Positioning it as the spiritual successor to the 2008 Phantom Coupé, Rolls-Royce hopes the Spectre will attract new buyers to the brand as well as appeal to loyal customers. With North America being Rolls-Royce’s largest market, the Spectre was launched in California’s sun-drenched Napa Valley.

It’s a two-door, four-seat coupé, with rear-hinged “coach” doors
It’s a two-door, four-seat coupé, with rear-hinged “coach” doors © Mark Fagelson
The interior is finished with aluminium, steel, open pore wood and leather
The interior is finished with aluminium, steel, open pore wood and leather © Mark Fagelson

Out on Napa’s wooded and winding roads, Spectre’s acceleration is stately, not excruciatingly sharp like so many electric cars. Rolls-Royce has intentionally added a slight delay to the acceleration to make for a smoother 0-60mph dash, which takes 4.4 seconds. Through the corners, it’s hard to ignore the car’s 2.9-tonne weight. With a large battery on board and the typical Rolls-Royce host of hefty trim materials and interior comforts, the Spectre is one of the heaviest cars on the market.

Video description

The Rolls-Royce Spectre is put through its paces on the roads of Napa Valley

The Rolls-Royce Spectre out on the roads of California © Rolls-Royce

Given its mass, Rolls-Royce has done a good job at controlling all that weight through the corners, with the Spectre handling sharp twists and turns far better than expected. Rolls-Royce refers to the car’s “waftability” and that’s exactly how it feels to drive. The redesigned Spirit of Ecstasy, with lower wings for greater aerodynamic efficiency, sits proudly on the bonnet as a handy marker for the centre point. The car’s proportions aren’t a problem on California’s wide roads but on the UK’s tight city streets and B-roads, it might prove difficult to pilot.

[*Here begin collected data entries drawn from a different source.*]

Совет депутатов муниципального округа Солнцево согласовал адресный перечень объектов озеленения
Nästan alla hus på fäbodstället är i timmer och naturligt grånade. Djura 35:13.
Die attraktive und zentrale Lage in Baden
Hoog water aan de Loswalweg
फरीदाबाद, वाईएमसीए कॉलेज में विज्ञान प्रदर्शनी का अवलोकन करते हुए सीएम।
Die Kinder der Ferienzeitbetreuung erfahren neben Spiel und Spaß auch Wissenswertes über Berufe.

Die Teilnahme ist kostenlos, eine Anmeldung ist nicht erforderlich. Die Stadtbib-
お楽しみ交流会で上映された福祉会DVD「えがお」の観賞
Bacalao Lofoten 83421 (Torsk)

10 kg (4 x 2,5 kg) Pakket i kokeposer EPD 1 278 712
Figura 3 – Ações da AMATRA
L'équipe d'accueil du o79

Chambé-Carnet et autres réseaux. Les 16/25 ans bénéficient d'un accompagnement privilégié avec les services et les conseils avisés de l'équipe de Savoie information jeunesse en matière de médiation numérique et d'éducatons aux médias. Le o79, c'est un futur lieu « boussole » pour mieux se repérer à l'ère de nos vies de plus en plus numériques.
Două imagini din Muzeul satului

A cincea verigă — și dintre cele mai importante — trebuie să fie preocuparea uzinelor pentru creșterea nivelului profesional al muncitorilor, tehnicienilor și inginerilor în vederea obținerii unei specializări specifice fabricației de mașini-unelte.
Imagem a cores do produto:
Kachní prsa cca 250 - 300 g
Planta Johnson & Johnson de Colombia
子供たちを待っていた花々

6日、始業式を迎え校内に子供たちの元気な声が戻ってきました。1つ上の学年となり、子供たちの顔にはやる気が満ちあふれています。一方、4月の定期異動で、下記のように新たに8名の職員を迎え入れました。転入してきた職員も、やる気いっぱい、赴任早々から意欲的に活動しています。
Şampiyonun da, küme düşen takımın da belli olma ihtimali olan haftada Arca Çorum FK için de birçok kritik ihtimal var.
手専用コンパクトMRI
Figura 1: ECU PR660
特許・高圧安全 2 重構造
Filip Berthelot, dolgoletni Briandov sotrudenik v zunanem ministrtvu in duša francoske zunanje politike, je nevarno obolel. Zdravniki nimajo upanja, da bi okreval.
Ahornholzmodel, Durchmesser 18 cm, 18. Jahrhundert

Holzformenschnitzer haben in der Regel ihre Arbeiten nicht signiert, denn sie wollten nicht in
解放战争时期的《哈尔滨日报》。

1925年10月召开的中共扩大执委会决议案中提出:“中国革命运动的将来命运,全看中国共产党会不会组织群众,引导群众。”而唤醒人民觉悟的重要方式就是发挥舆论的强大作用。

As to range, its 102kWh battery is good for 329 miles WLTP (travelling at an average speed of 28.8mph). Expect a shorter range in reality – like so many electric cars, everything from the climate outside to the in-car tech can impact upon the range.

Spectre accelerates from 0-60mph in 4.4 seconds
Spectre accelerates from 0-60mph in 4.4 seconds © Mark Fagelson

On the inside, it’s a similar story to the rest of Rolls-Royce’s models save for the glitz of the star-lined doors. Rolls pioneered the Starlight Headliner (a series of fibre-optic lights hidden in the car’s ceiling) back in 2007 but Spectre sees that replicated in the doors and in the rear cabin, with 4,796 lights. At night, it’s an impressive spectacle. Up front there’s a digital dashboard display in place of analogue dials and the car’s digital architecture has been revised with a new software package called Spirit, making it the most connected Rolls-Royce to date. Part of that package gives customers the opportunity to customise the art deco-inspired look and layout on the dashboard. The graphics are easy to read and refreshingly simple given other EV manufacturers have chosen to dial up the data output.

The maker has been keen to ensure Spectre remains a Rolls-Royce first and an electric car second. While it’s certainly achieved that, it’s swerved the opportunity to revise the definition of a super-luxury car in an all-electric age. Rolls-Royce’s closest rival Bentley will be bringing its first all-electric car to market in 2025. In launching Spectre now, Rolls-Royce has arrived first to market. A confident but cunning move that sees Spectre establish itself as the benchmark for other luxury EVs to come.